Dear TOS8 - what are these acronyms you used? BMT, GVHD, VOD? I have CRPS with whole body symptoms so one could not transplant my whole body!

This may be off the subject as far as conditions---a couple of years ago my cousin Liz received stem cell treatment in Beijing, China to treat her ALS (not allowed in the states). She said after the treatment she felt better but passed away a little over a year afterwards. What is really strange is her younger brother during that 1.5 years, also caught ALS and died less than 6 months after his sisters death. I'm not sure stem cell treatment helped or not. She lived as long as the American doctor predicted regardless. I believe my cousins were contaminated as children. Their father was an officer in the military who moved the family all over the globe their entire lives, many military bases, several in 3rd world countries. Liz also served in the Army after college.

GVHD (Graft verses host desease) and VOD (veno occlusive disorder) BMT (Bone marrow transplant)

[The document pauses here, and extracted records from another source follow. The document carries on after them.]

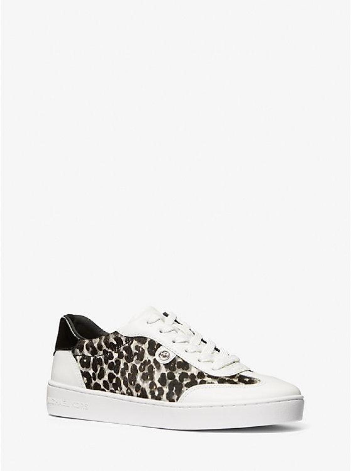 Meet the Scotty: a sleek low-top sneaker inspired by classic soccer silhouettes. This leopard-print calf hair edition features sporty perforations along the sides, leather accents and a polished logo charm for added dimension. The styling options are endless, but we think they’ll look great teamed with the season’s light-washed denim on weekends. • Sneaker • Leopard-print calf hair • 100% calf hair • Trim: 100% leather • Lining: cotton • Sole: leather • Almond toe • Lace-up fastening • Imported • Sneaker • Leopard-print calf hair • 100% calf hair • Trim: 100% leather • Lining: cotton • Sole: leather • Almond toe • Lace-up fastening • Imported
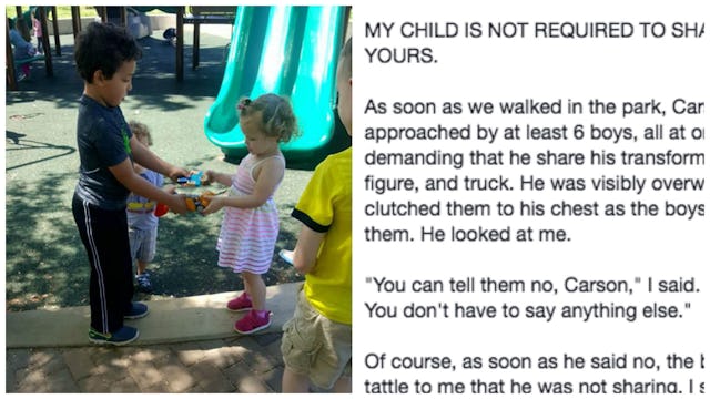 Kolberg explains that her son was approached by at least six boys all at once, demanding her son share his toys. When he shot a visibly overwhelmed look at his mom, she explained that he didn’t have to share.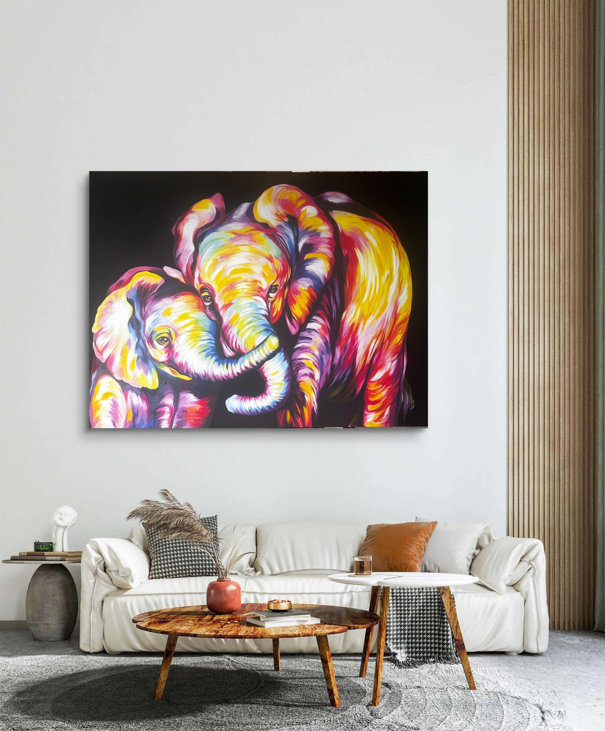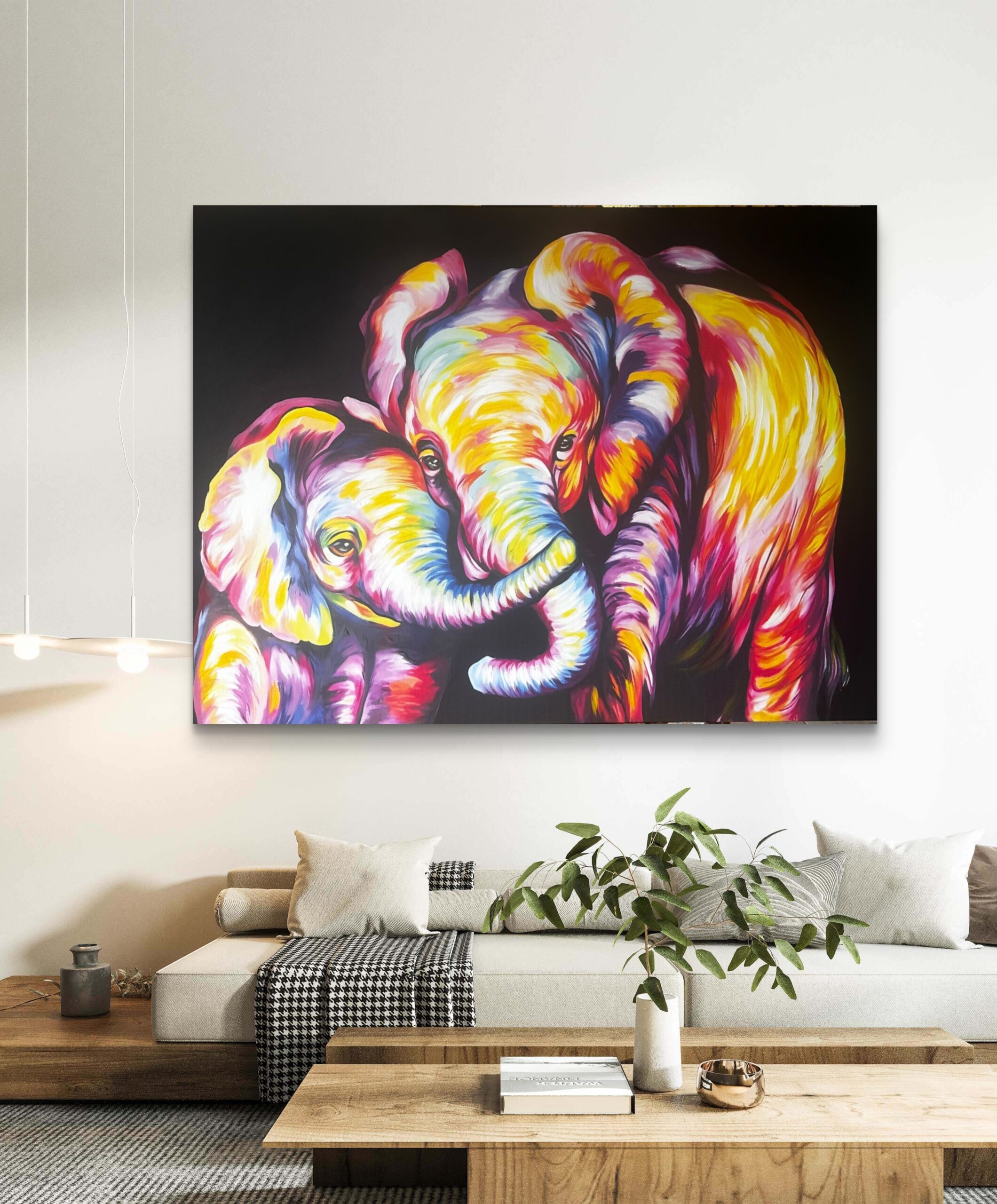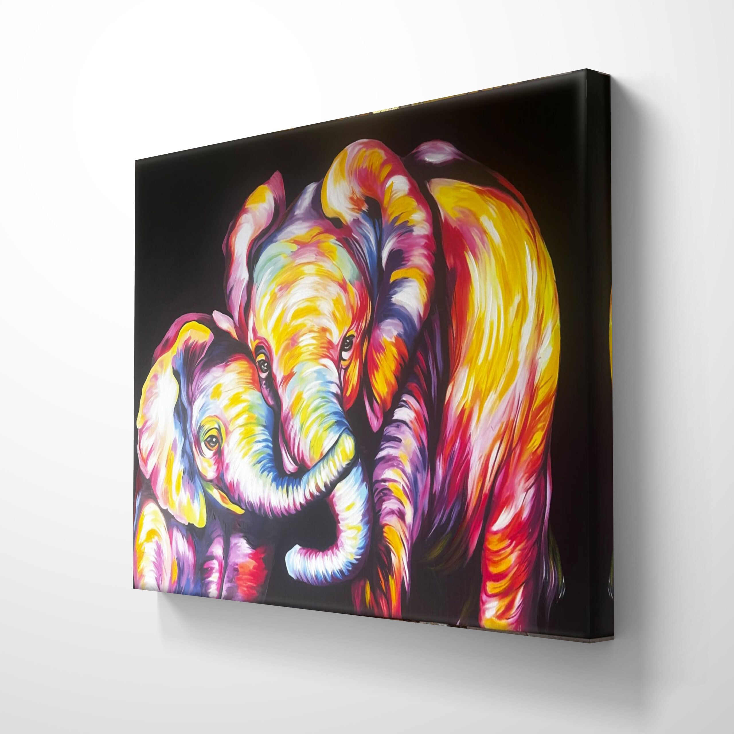 Esta pareja emana una profunda sensación de conexión, protección y amor incondicional. La interacción entre los elefantes transmite una serenidad poderosa que transforma cualquier estancia en un refugio acogedor. Es ideal para salas de estar o dormitorios, aportando una energía vitalista y equilibrada que invita a la calma y la alegría familiar.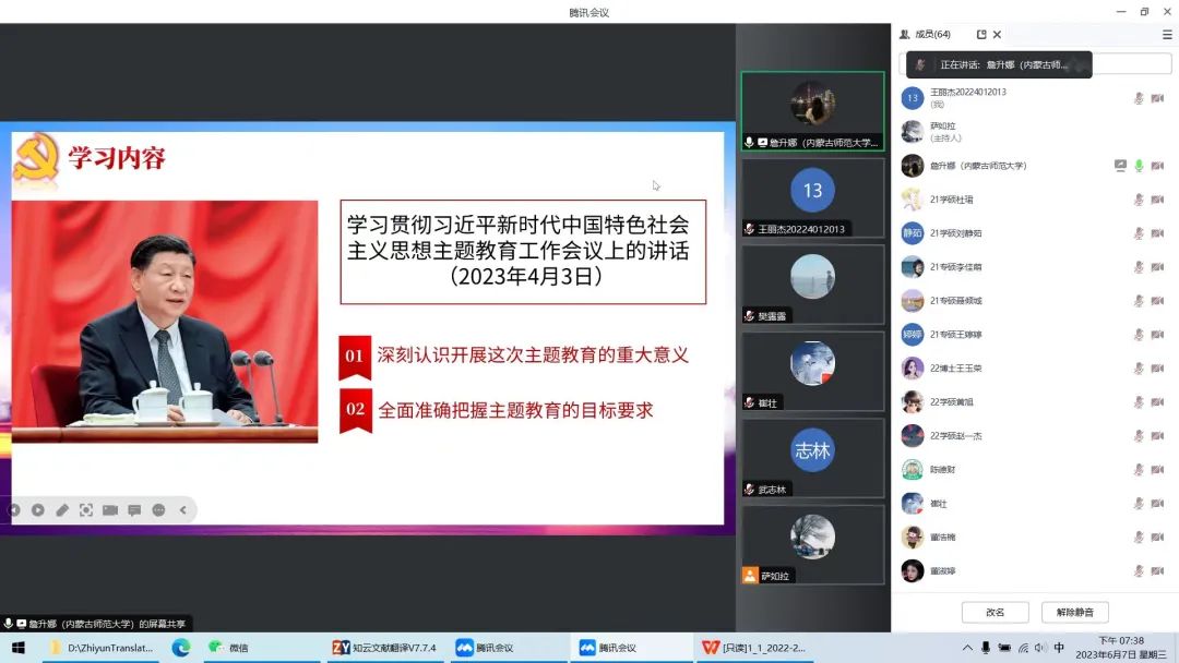 太阳成集团tyc122ccvip研究生党支部线上线下结合召开党支部大会。会上研究讨论了预备党员转正事宜。同时由20级学硕詹升娜同学带领学习,提出了要深刻把握主题教育的重大意义以及目标要求,对学习贯彻习近平新时代中国特色社会主义思想主题教育工作会议上的讲话进行了集体学习。

When you have a stems cell transplant or a BMT they wipe out your whole entire system with a very HIGH dose chemo for 2 weeks, and its to completly knock everything out of your system, so all your counts are 0. Your stuck on isolation for sevral months because you cant catch a virus or you will die. You can get an infection and die, you can get fungeses that attack one of your organs and have complications or die.

The reason they will do a BMT or stem cell transplant when you have cancer or other blood disorders after treatment has failed is because its really the only way to knock the cancer out of your body and then they hope it doesnt return after transplant.